3.„Wiejska chata” plac Grunwaldzki 4
To jakiś żart…. Sami zobaczcie co można przeczytać w menu:



Dopytałam, wychodzi na to że w każdej potrawie mogę być podane alergeny, czyli na przykład w racuchach z jabłkami jest ryba? Nie udało mi się tego dowiedzieć… Lepiej wyjść i nie ryzykować…

4.„Bistro Bzik” ul. Chorzowska 7
Tu udało mi się coś zjeść nawet, ale na pytanie o informacje o alergenach w potrawach pan spojrzał na mnie dość wymownie… „Nikt nigdy czegoś takiego nie chciał od nas” grzecznie odparłam, że mają obowiązek coś takiego posiadać, albo poinformować mnie o alergenach.
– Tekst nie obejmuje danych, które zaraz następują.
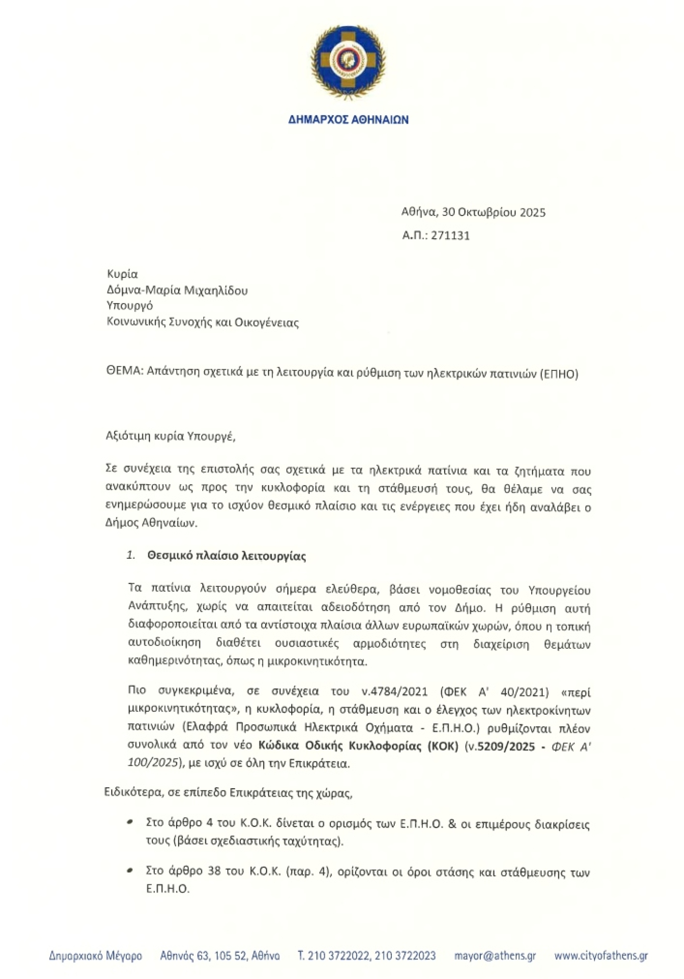 Νέος γύρος σφοδρής αντιπαράθεσης ξέσπασε ανάμεσα στην Υπουργό Κοινωνικής Συνοχής και Οικογένειας, Δόμνα Μιχαηλίδου, και τον Δήμαρχο Αθηναίων, Χάρη Δούκα, με επίκεντρο το χαοτικό τοπίο που επικρατεί στην πρωτεύουσα με την ανεξέλεγκτη κυκλοφορία και στάθμευση των ηλεκτρικών πατινιών. Η δημόσια διαμάχη μέσω επιστολών αναδεικνύει για άλλη μια φορά το «αλαλούμ» και τη σύγχυση αρμοδιοτήτων που διέπει το ζήτημα, με αποτέλεσμα οι πεζοί και κυρίως τα Άτομα με Αναπηρία (ΑμεΑ) να κινδυνεύουν καθημερινά.

Zamówiłam żurek, „tam nie powinno być orzechów”, eh… poprosiłam, żeby jeszcze dokładnie to sprawdzili i grzecznie potwierdzili, że żurek jest bezpieczny. Uf… o tym, że pan zapomniał potem zapisać pozostałą część naszego zamówienia i nie potrzebnie czekaliśmy prawie godzinę już nie wspomnę :D

5.„Zdrowa krowa” ul. Mariacka 33
Tu trzeba wyraźnie powiedzieć o alergii i poprosić o sprawdzenie wszystkich składników, trzeba wybierać proste dania, bez na przykład panierowanych krążków cebuli :D ale jeszcze póki co udaje się coś znaleźć dla mnie jadalnego…. Mam nadzieję, że to się nie zmieni…


Podsumowując:
Jeśli nie umiesz gotować tak jak ja i czasem naprawdę chcesz zjeść coś smacznego to lekko nie jest. Możesz zawsze próbować wprosić się do kogoś na obiad, ale znajomi też się boją często mnie karmić. Jeśli już jesteś ryzykantem i lubisz zastrzyk adrenaliny (jakie to ma podwójne znaczenie tu aż strach :D ) to jedzenie „na mieście” jest idealne! Nawet jeśli jakimś cudem w restauracji jest informacja dla alergika i to taka która twierdzi, że możesz coś zjeść nie ufaj jej tak całkiem. Poinformuj obsługę, że masz silą alergię i plany na wieczór i czy w związku z tym byli by tak mili poinformować jeszcze kucharza o twojej alergii, żeby przypadkiem obok nikt nic nie robił z orzechami, żeby przypadkiem nie przefrunęło . Istnieje ryzyko, że wtedy Cię wyproszą :D ale czasem lepiej zmienić lokal niż ryzykować, że plany na wieczór skończą się na pogotowiu….

środa, 1 listopada 2017

Orzeszek w korporacji

Mija rok odkąd zaczęłam pracę w "korporacji". Wszyscy mnie straszyli i twierdzili, że nie dam rady. 
Radę dałam i czas na kilka podsumowań.
Zacznijmy od początku. 
Szkolenie BHP, gdzie pada hasło, że nie wolno nikomu podawać leku, a adrenaliny też? Czy w związku z tym jakby do mojego organizmu wkradł się orzeszek to nikt mi w pracy nie pomoże?
I tak dzięki temu pytaniu zostałam już zapamiętana przez "Panią od BHP"... ale to dopiero był początek.
Zaczęłam się zastanawiać czy powinnam poinformować mój zespół o mojej alergii? Niestety to zrobiłam, żartów na temat wbijania adrenaliny w serca nie ma końca... Co się wtedy pojawia w mojej głowie, że żarty żartami, ale jak zjem orzeszka to mogę liczyć tylko na siebie i na moją szybką reakcję... 
Jednak jeden z moich managerów staną na wysokości zadania i postarał się o "firmową" adrenalinę dla mnie. I tu znów wkroczyła "Pani od BHP", że na to nie ma procedur i że adrenalina nie może być w dostępnym dla wszystkich miejscu, bo może ktoś wpaść na pomysł, żeby ją sobie podać (tia pewnie od razu w serce -_-). No tak, ale mimo to udało się, adrenalinka jest i grzecznie jest zamykana w mojej służbowej szafce. 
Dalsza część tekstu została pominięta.